The point here is that there is a greater middle ground on the question of policing and racism than you would think from the general narrative promulgated by the national media. That powerful Times story today about how those racial activists, especially white antifa members, bullied and even brutalized shopkeepers and others in CHAZ, is exactly the kind of complexifying story we need to read to give us a more complete picture of what’s happening in America now.

Given the documented fact that US media has given itself over dramatically to a far-left Critical Race Theory framework for reporting on and interpreting race in America, I don’t know how likely we are to see those stories. But today’s Nellie Bowles piece in the Times is a welcome counterexample.

One last thing: I’ve been texting last night and this morning with a white friend who is a middle-class professional today, an observantly Christian family man, but who grew up in Section 8 housing.

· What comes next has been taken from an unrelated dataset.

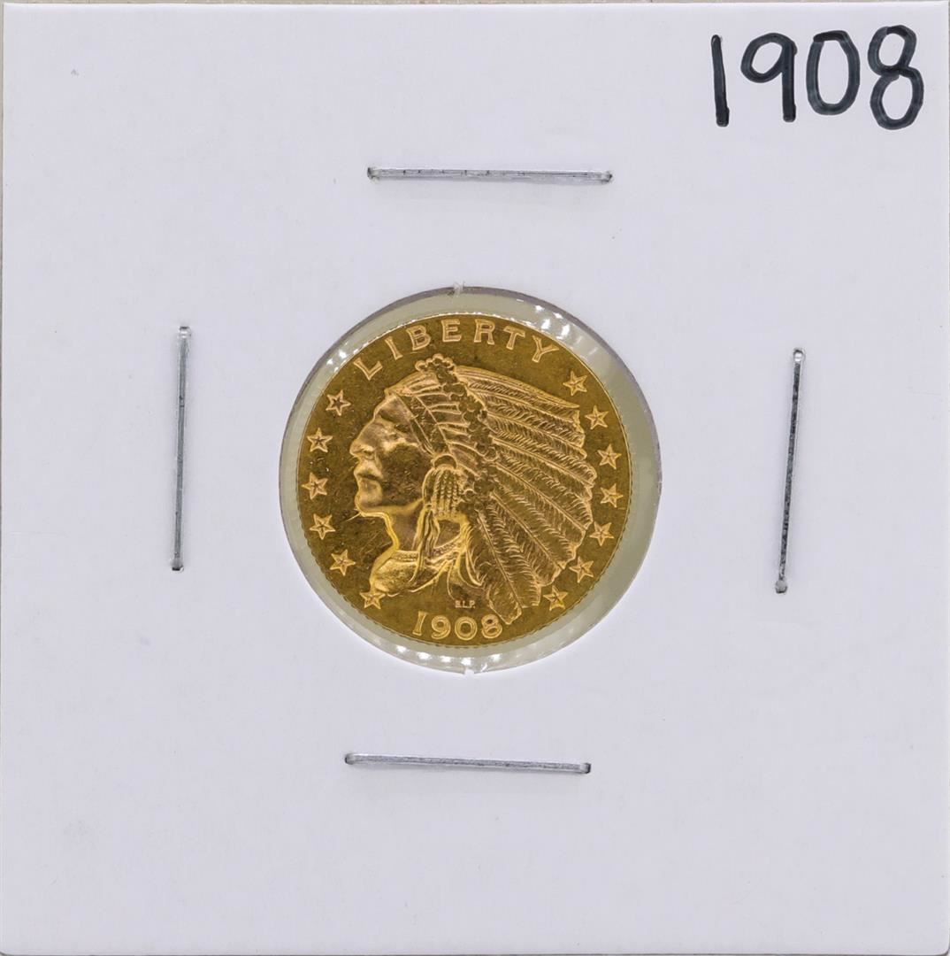 One 1908 $2 1/2 Indian Head Quarter Eagle Gold Coin.

He finds himself frustrated by Republicans, for the usual reason, but really repulsed by middle-class liberal discourse (and middle-class Christian discourse) about crime, poverty, and race. He tells me that he knows perfectly well how violent and chaotic poor neighborhoods often are, because he grew up in one — and again, he’s white. He says, “I want my children around non-dangerous people of whatever color, and away from chaos and crime. Every parent wants that.”

He thinks both professional liberals and professional conservatives are usually full of crap, because they don’t know what it’s like to live around poor people. The poor — the black poor, but also all the poor — become not real people, in all their humanity, but rather screens onto which others project their ideals, their fears, and their hatreds. I grew up not in poverty, but around a significant amount of rural poverty, so it’s not as easy for me to do this as it is for some people, but still, I am sure that I do it. This is something I need to work to overcome.

The thing that middle-class people assume is normal is Order. Poor people don’t have that luxury. My wife’s father told a story about how years ago, when the black pastor Tony Evans (whom he used to know) came to south Dallas, Pastor Evans and his wife set up a program for the children of the church. They let the kids come over to their house after school, so they could do their homework and be safe while their parents were still at work. According to my father-in-law, the pastor and his wife were shocked to find their house full of kids who would come in from school and fall sound asleep on the floor. Day after day.

Eventually they discovered why: these kids, all of them poor or at least economically distressed, lived in such chaotic circumstances that when they got to a safe, well-ordered place (their pastor’s house), they were able to let down their guard, and sleep. Something that middle class people take for granted was for those poor children a luxury only made possible by the kindness of their new pastor.